Sort

Time Complexity
Space Complexity
Stable, unstable

https://www.hackerearth.com/practice/algorithms/sorting/merge-sort/visualize/

Quick Sort

def quick_sort(arr, left, right):
    if left + 10 <= right:
        pivot = median_of_three(arr, left, right)
        low = left
        high = right - 1
        while True:
            while arr[low] < pivot:
                low += 1
            while arr[high] > pivot:
                high -= 1
            if low < high:
                arr[low], arr[high] = arr[high], arr[low]
            else:
                break
        arr[low], arr[right - 1] = arr[right - 1], arr[low]
        quick_sort(arr, left, low - 1)
        quick_sort(arr, low + 1, right)
    else:
        insertion_sort(arr, left, right)

def quicksort(arr):
    quick_sort(arr, 0, len(arr) - 1)

Merge Sort

def merge_sort(A):
    tmpA = [None] * len(A)
    m_sort(A, tmpA, 0, len(A) - 1)

def m_sort(A, tmpA, L, rightEnd):
    # Core recursive sorting function
    if L < rightEnd:
        center = (L + rightEnd) // 2
        m_sort(A, tmpA, L, center)              # Recursively sort the left half
        m_sort(A, tmpA, center + 1, rightEnd)   # Recursively sort the right half
        merge(A, tmpA, L, center + 1, rightEnd) # Merge the two sorted halves

def merge(A, tmpA, L, R, rightEnd):
    leftEnd = R - 1      # Left subarray end index
    tmp = L              # Position for the sorted sequence in tmpA
    numElements = rightEnd - L + 1

    # Merge the two subarrays
    while L <= leftEnd and R <= rightEnd:
        if A[L] <= A[R]:
            tmpA[tmp] = A[L]
            L += 1
        else:
            tmpA[tmp] = A[R]
            R += 1
        tmp += 1

    # Copy remaining elements from the left subarray, if any
    while L <= leftEnd:
        tmpA[tmp] = A[L]
        L += 1
        tmp += 1

    # Copy remaining elements from the right subarray, if any
    while R <= rightEnd:
        tmpA[tmp] = A[R]
        R += 1
        tmp += 1

    # Copy the sorted elements back to the original array A
    for i in range(numElements):
        A[rightEnd] = tmpA[rightEnd]
        rightEnd -= 1

Time Complexity

O(n^2): Insertion sort, Bubble sort, Selection sort
O(nlogn): QuickSort, MergeSort, HeapSort
O(n): Couting Sort, Bucket Sort, Radix Sort

Time Complexity

We need to consider about the best and worst case

For example:

Best case for Bubble Sort is O(n)

Worst case for QuickSort is O(n^2)

Question: How the quicksort hit the worst case?

What if the partition is always 1:100000?

Time Complexity

The lower bound of comparison sort is O(nlogn)

Counting Sort, Bucket Sort and Radix Sort are not comparison sort.

To get O(n), you need to have some pre defined requirements for the data you want to sort.

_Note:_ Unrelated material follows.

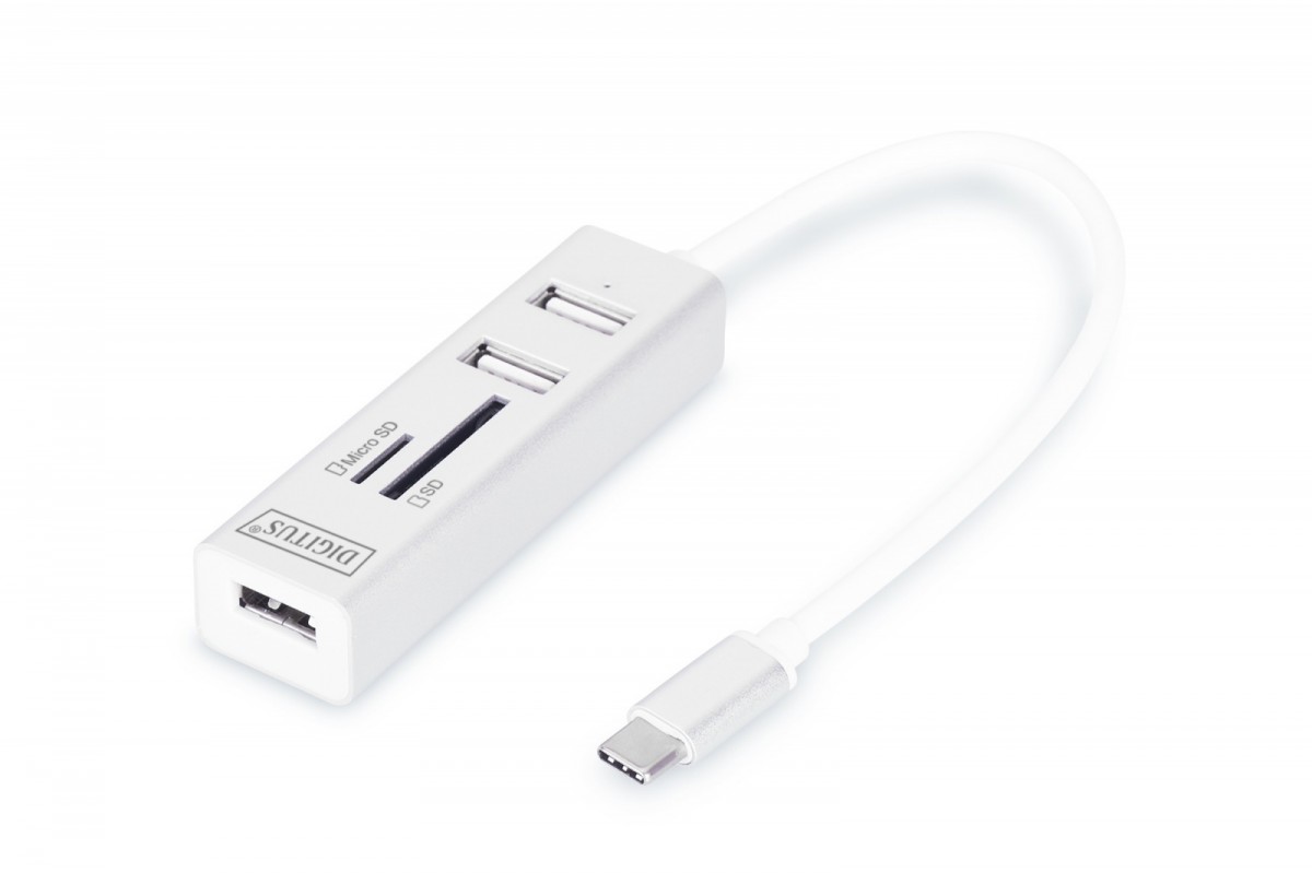 HUB/Koncentrator 3-portowy OTG USB Typ C, USB 2.0 HighSpeed czytnik kart SD/Micro SD, aluminium

Counting, Bucket and Radix

These are not comparison sort
you have some limits on the numbers you are going to sort
Radix is just counting repeating multiple times

Space Complexity

In-place and out-of-place
in-place algorithm is an algorithm which transforms input using no auxiliary data structure

In-place: Bubble Sort, Insertion Sort, Selection Sort, QuickSort, HeapSort

Out-of place: Merge Sort, Counting Sort, Bucket Sort, Radix Sort

Stability

stable sorting algorithms maintain the relative order of records with equal keys

Stable: MergeSort, Bubble Sort, Insertion Sort, Counting Sort, Bucket Sort, Radix Sort

Unstable: QuickSort, HeapSort, Selection Sort

Sort algorithm	Time complexity	Space complexity	Stability
Bubble	O(n^2)	O(1)	YES
Insertion	O(n^2)	O(1)	YES
Selection	O(n^2)	O(1)	NO
Quick	O(nlogn)	O(logn)	NO
Heap	O(nlogn)	O(1)	NO
Merge	O(nlogn)	O(n)	YES
Counting	O(n+k)	O(n+k)	YES
Bucket	O(n+k)	O(n+k)	YES
Radix	O(dn)	O(n)	YES

External Sorting

The sort we talk about is internal sort
External sorting is required when the data being sorted do not fit into the main memory of a computing device and instead they must reside in the slower external memory
k-way merge
Instead of only considering the sorting algorithm, you need to count for the I/O time

What do we need to know

Some basic ideas on how these sorting algorithms work
Arrays.sort and Collections.sort
Comparator and Comparable

Largest Number

Given a list of non negative integers, arrange them such that they form the largest number.

For example, given [3, 30, 34, 5, 9], the largest formed number is 9534330.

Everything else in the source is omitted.